What to work on: All entries need to be written out verbatim, with pictures omitted.

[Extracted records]
# # #
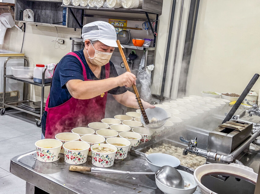 門口處左邊是櫃台,右邊是料理區,後方可以看到很多店員在包餛鈍,煮餛飩的檯面放了滿滿三排紙碗,煮好的餛飩就直接放進只往加湯就可以上桌了,一次煮餛飩的量有夠驚人,滿滿的跟小山似的
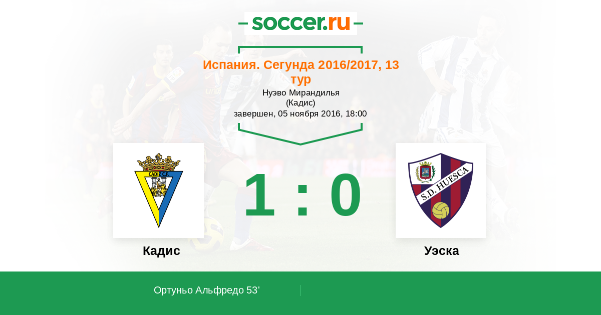 53' (1:0) Ортуньо Альфредо (19)
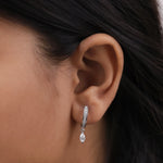 Dangling Marquise Diamond Hoop Earrings handmade with round brilliant-cut diamonds in pave setting and a marquise solitaire hanging at the bottom.
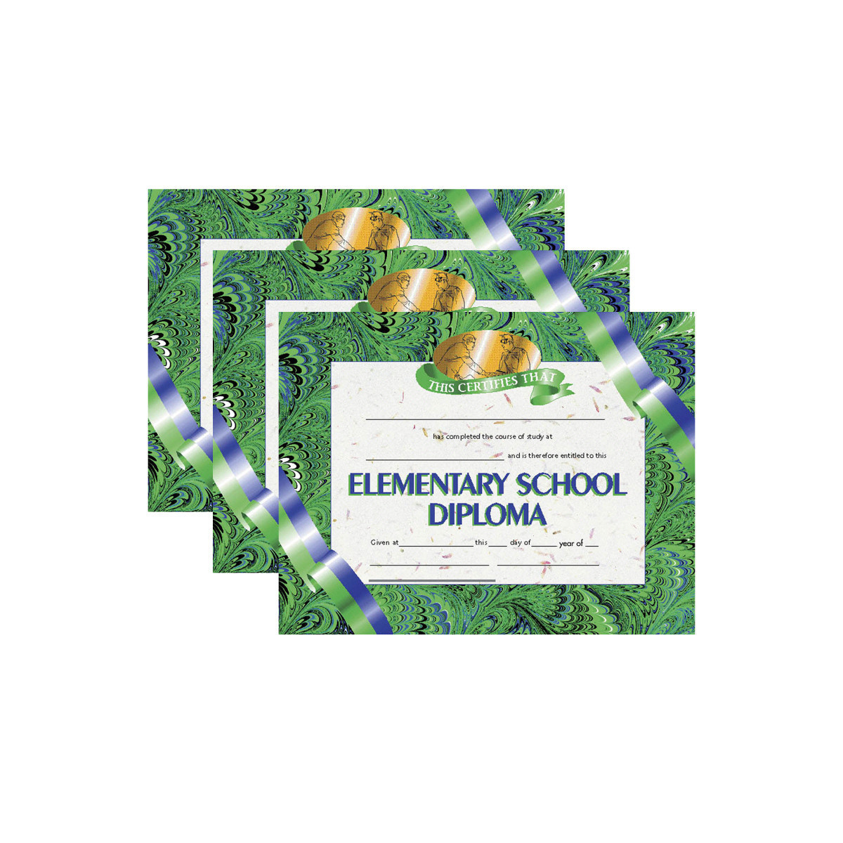 Elementary School Diploma congratulate students who have graduated. These beautiful, authentically designed Hayes diplomas are printed in full color on high quality paper. They will become a keepsake from that special day for years to come for both the students and parents. Diplomas measure 8.5" x 11". Each pack includes 30 diplomas. Sold as 3 packs for a total of 90 diplomas.
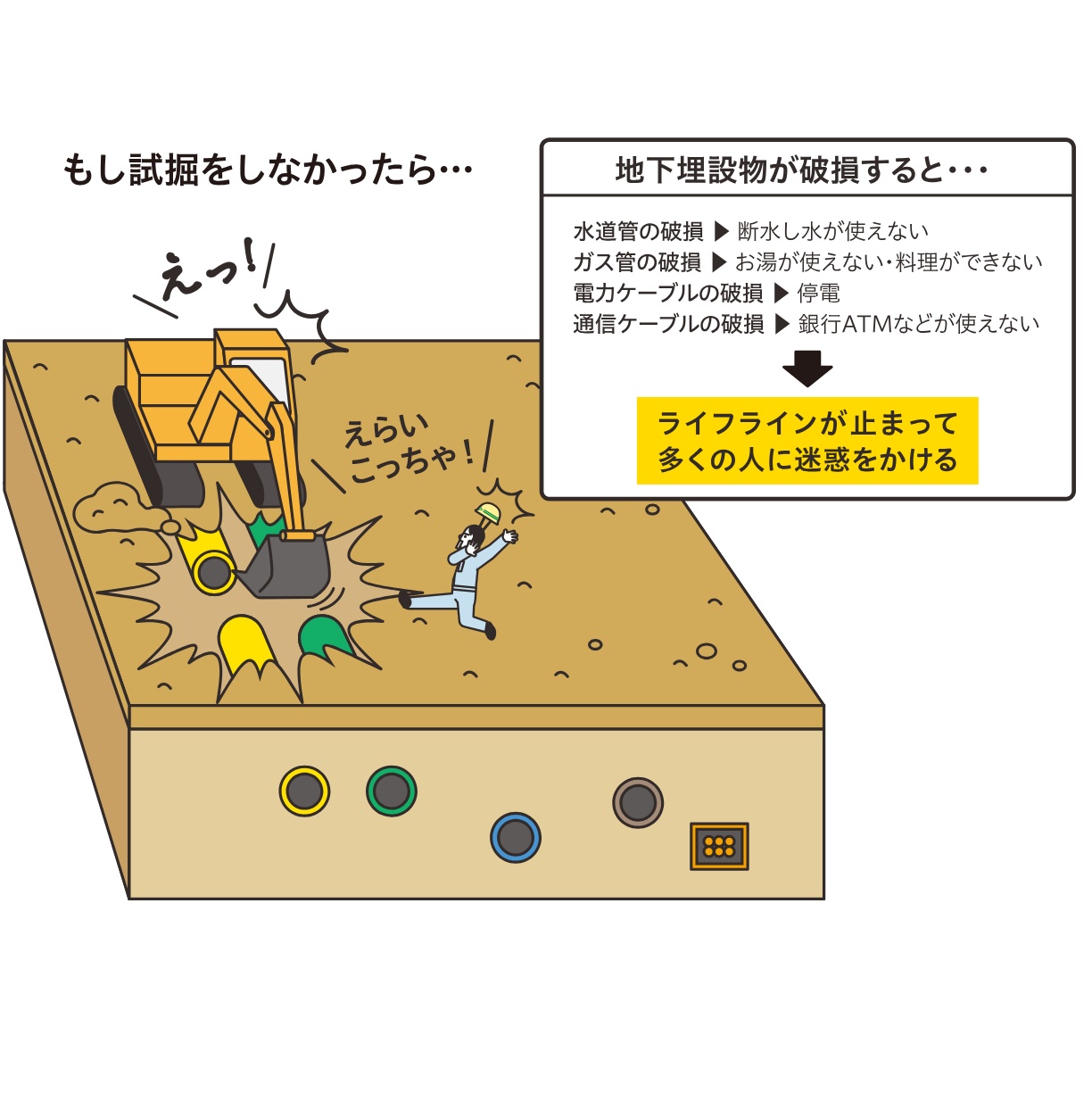 | … | 1526/02/28(土)22:36:47No.1406514403そうだねx2>恐怖!配管の周囲に危険域判別用の砂も予告シートも無くてバケットの爪の違和感で止めたら集合線! |
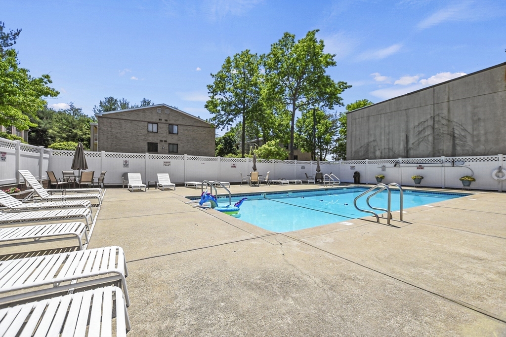This beautifully updated ground-level 2-bedroom condo offers comfort, convenience, and community amenities all in one package. Venture inside to find a bright kitchen with stainless steel appliances, generous cabinet storage, and a dedicated dining area. The expansive living room opens to a private patio, perfect for relaxing or entertaining. Both bedrooms are spacious with ample closet space, while the modern full bath features a tiled shower and the added bonus of in-unit laundry & equipped with central A/C. Enjoy the benefits of a well-maintained community, including professionally landscaped grounds, an in-ground pool with clubhouse, and private access to walking trails. With easy access to highways, shopping, and restaurants, this condo truly delivers a lifestyle of comfort and convenience. Move right in and start enjoying everything The Courtyards has to offer!
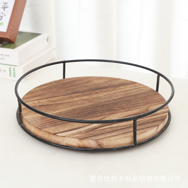 단단한 나무 회전식 주방 조미료 트레이 홈 욕실 욕실 세면 용품 보관함 데스크탑 스낵 트레이스토어 가기
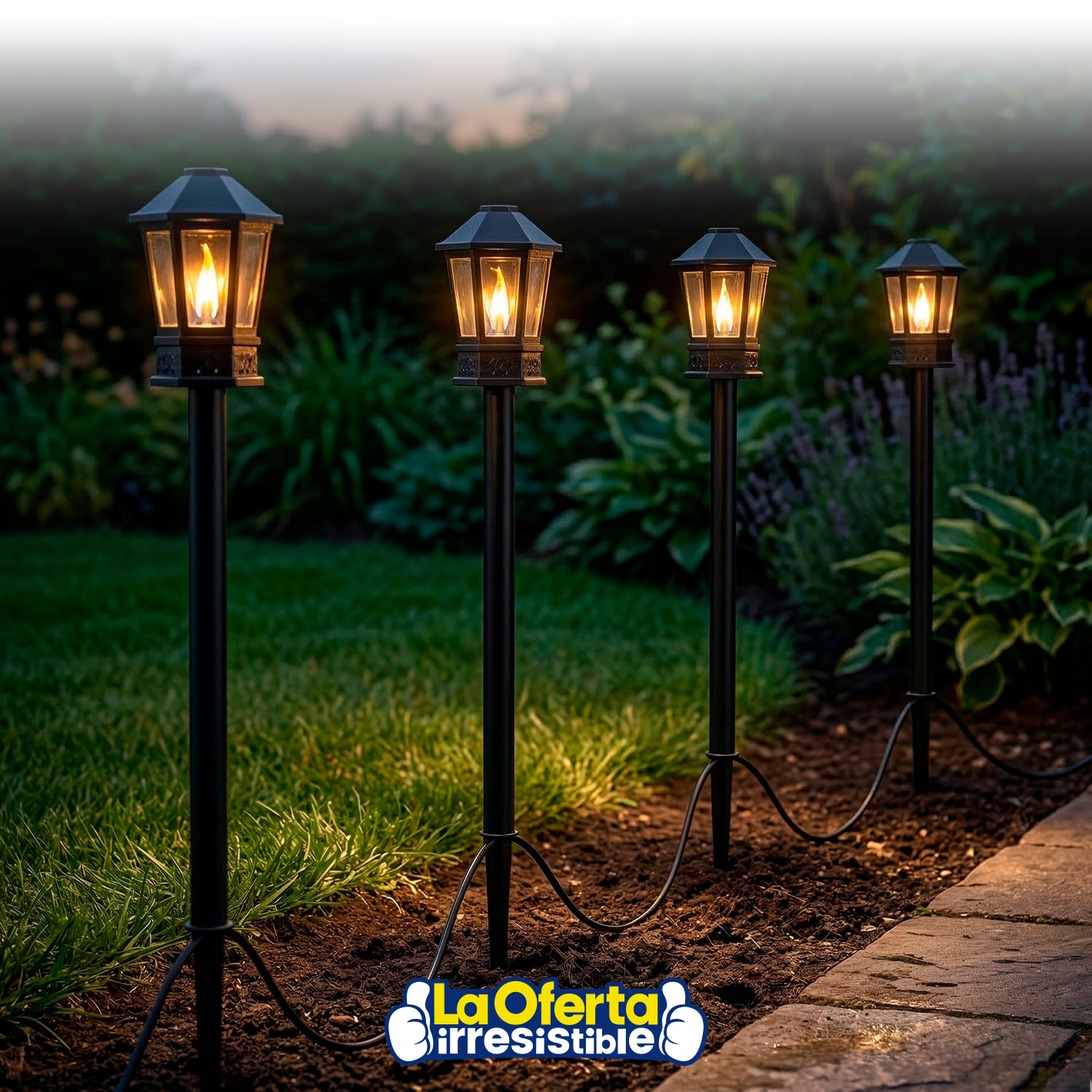 Este set de antorchas LED para jardín ofrece una solución decorativa y funcional para exteriores, con un largo total aproximado de 8 metros que permite iluminar y delimitar senderos, entradas o espacios verdes de forma continua y uniforme. Cada antorcha presenta un diseño tipo farol clásico, con estaca para fácil instalación en tierra, y emite una luz cálida con efecto llama parpadeante que simula el fuego real, creando una atmósfera acogedora y elegante. Gracias a su sistema de cableado integrado y tecnología LED de bajo consumo, todas las luces se encienden simultáneamente, garantizando practicidad y eficiencia. Además, su construcción resistente y apta para exteriores las hace ideales para uso diario, aportando seguridad, estilo y ambientación sin necesidad de mantenimiento complejo.Podés canjear este artículo usando tus Metros OCA
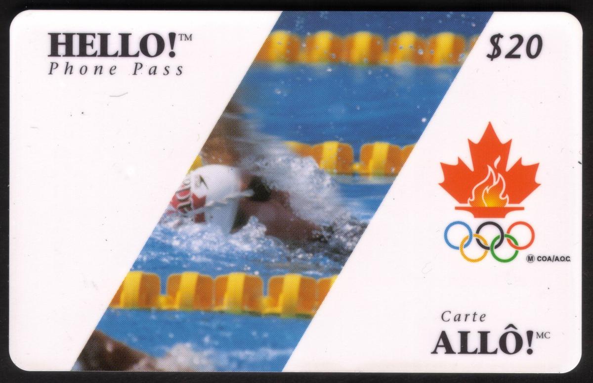 This collectible card features imagery related to the 1996 Olympic Games, specifically honoring the sport of swimming. The front displays the Canadian flag prominently, symbolizing Canada’s participation in the event. The card’s design includes a depiction of swimming as an Olympic sport, which is emphasized by the text "$20" printed on the card. The year "1996" is clearly shown, marking the Olympic Games held that year.
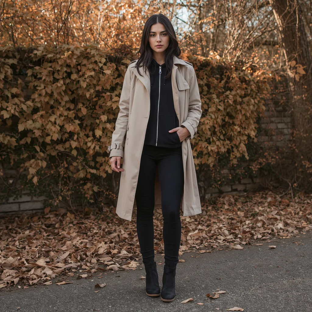 For this look, I go full black everything. Black zip-up, black fitted trousers (not jeans – we’re elevating here), black leather sneakers or Chelsea boots. The trick is playing with different textures and fits to keep things interesting.
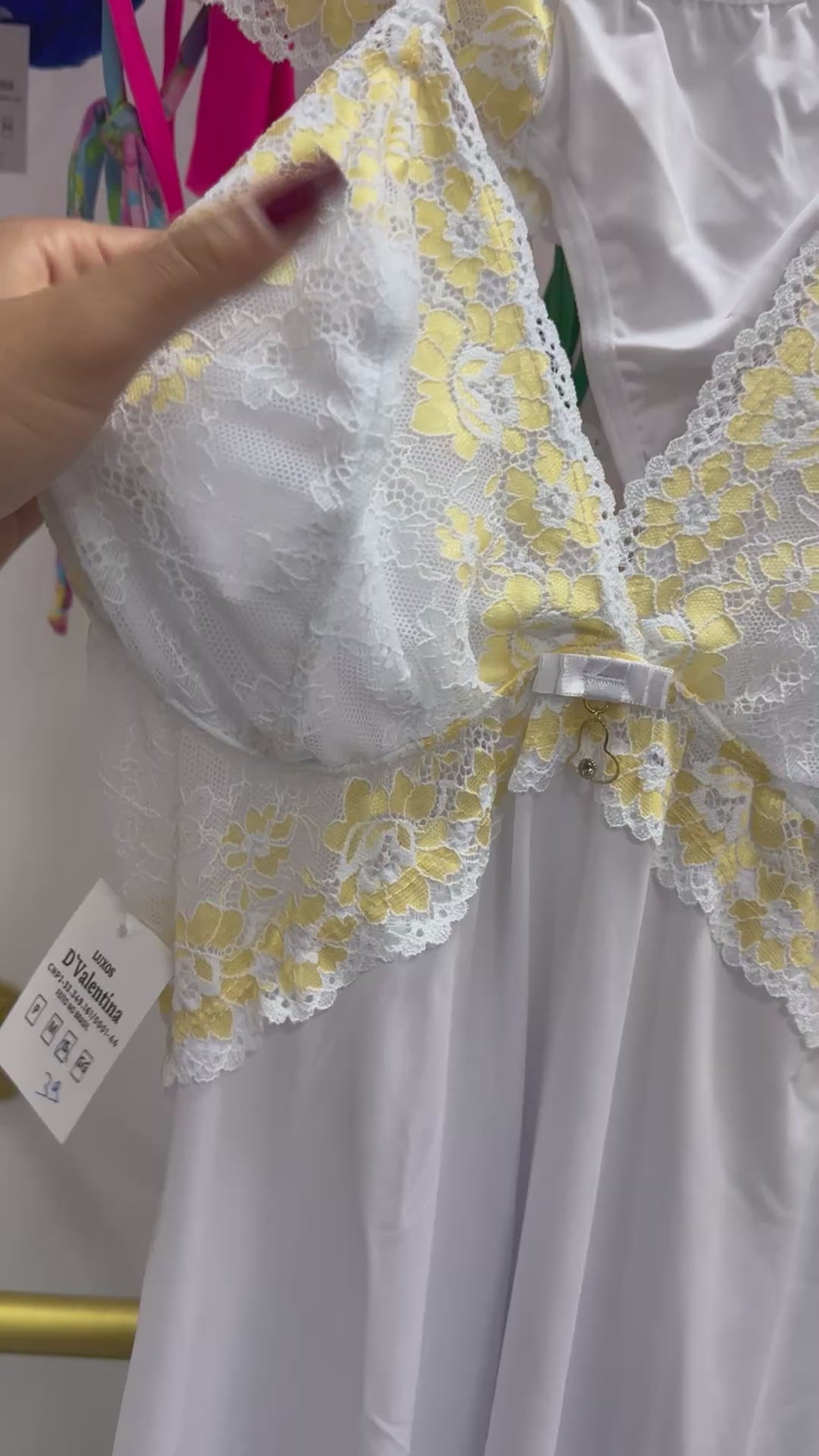 Camisola Branca com Detalhe de Renda Amarela e Calcinha/Cueca
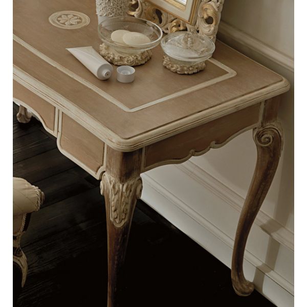 Shown here in a rustic wooden and ivory finish with a wooden top, also available to order in different finishes and a marble top.
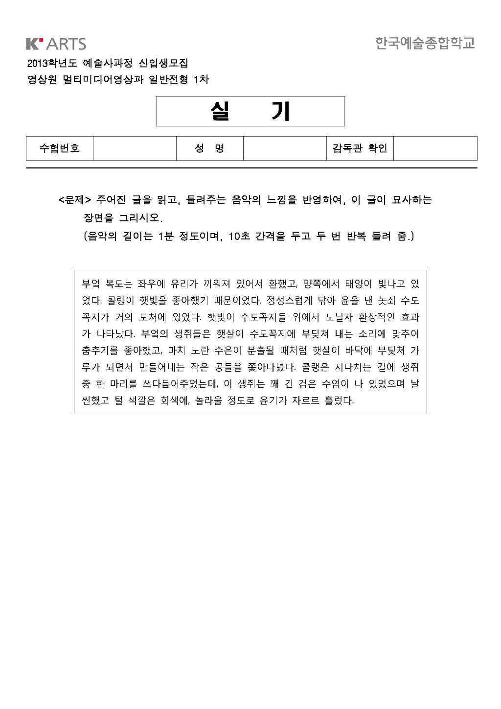 멀영과의 실기시험은 항상 음악이 등장한다는 것 잘 아시죠? 제가 판단할 때 한예종의 실기시험은
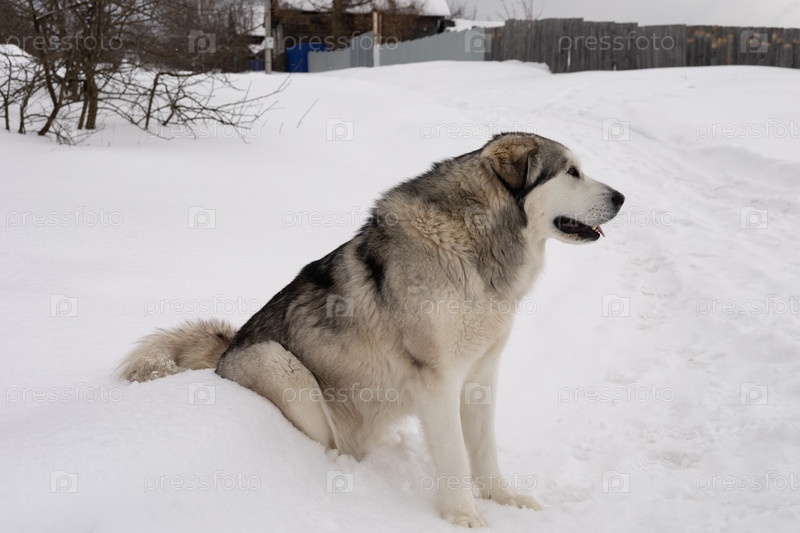 Большая пушистая собака Husky Malamute в зимний снежный день
# # #
Completed task:
 門口處左邊是櫃台,右邊是料理區,後方可以看到很多店員在包餛鈍,煮餛飩的檯面放了滿滿三排紙碗,煮好的餛飩就直接放進只往加湯就可以上桌了,一次煮餛飩的量有夠驚人,滿滿的跟小山似的
 53' (1:0) Ортуньо Альфредо (19)
 Dangling Marquise Diamond Hoop Earrings handmade with round brilliant-cut diamonds in pave setting and a marquise solitaire hanging at the bottom.
 Elementary School Diploma congratulate students who have graduated. These beautiful, authentically designed Hayes diplomas are printed in full color on high quality paper. They will become a keepsake from that special day for years to come for both the students and parents. Diplomas measure 8.5" x 11". Each pack includes 30 diplomas. Sold as 3 packs for a total of 90 diplomas.
 | … | 1526/02/28(土)22:36:47No.1406514403そうだねx2>恐怖!配管の周囲に危険域判別用の砂も予告シートも無くてバケットの爪の違和感で止めたら集合線! |
This beautifully updated ground-level 2-bedroom condo offers comfort, convenience, and community amenities all in one package. Venture inside to find a bright kitchen with stainless steel appliances, generous cabinet storage, and a dedicated dining area. The expansive living room opens to a private patio, perfect for relaxing or entertaining. Both bedrooms are spacious with ample closet space, while the modern full bath features a tiled shower and the added bonus of in-unit laundry & equipped with central A/C. Enjoy the benefits of a well-maintained community, including professionally landscaped grounds, an in-ground pool with clubhouse, and private access to walking trails. With easy access to highways, shopping, and restaurants, this condo truly delivers a lifestyle of comfort and convenience. Move right in and start enjoying everything The Courtyards has to offer!
 단단한 나무 회전식 주방 조미료 트레이 홈 욕실 욕실 세면 용품 보관함 데스크탑 스낵 트레이스토어 가기
 Este set de antorchas LED para jardín ofrece una solución decorativa y funcional para exteriores, con un largo total aproximado de 8 metros que permite iluminar y delimitar senderos, entradas o espacios verdes de forma continua y uniforme. Cada antorcha presenta un diseño tipo farol clásico, con estaca para fácil instalación en tierra, y emite una luz cálida con efecto llama parpadeante que simula el fuego real, creando una atmósfera acogedora y elegante. Gracias a su sistema de cableado integrado y tecnología LED de bajo consumo, todas las luces se encienden simultáneamente, garantizando practicidad y eficiencia. Además, su construcción resistente y apta para exteriores las hace ideales para uso diario, aportando seguridad, estilo y ambientación sin necesidad de mantenimiento complejo.Podés canjear este artículo usando tus Metros OCA
 This collectible card features imagery related to the 1996 Olympic Games, specifically honoring the sport of swimming. The front displays the Canadian flag prominently, symbolizing Canada’s participation in the event. The card’s design includes a depiction of swimming as an Olympic sport, which is emphasized by the text "$20" printed on the card. The year "1996" is clearly shown, marking the Olympic Games held that year.
 For this look, I go full black everything. Black zip-up, black fitted trousers (not jeans – we’re elevating here), black leather sneakers or Chelsea boots. The trick is playing with different textures and fits to keep things interesting.
 Camisola Branca com Detalhe de Renda Amarela e Calcinha/Cueca
 Shown here in a rustic wooden and ivory finish with a wooden top, also available to order in different finishes and a marble top.
 멀영과의 실기시험은 항상 음악이 등장한다는 것 잘 아시죠? 제가 판단할 때 한예종의 실기시험은
 Большая пушистая собака Husky Malamute в зимний снежный день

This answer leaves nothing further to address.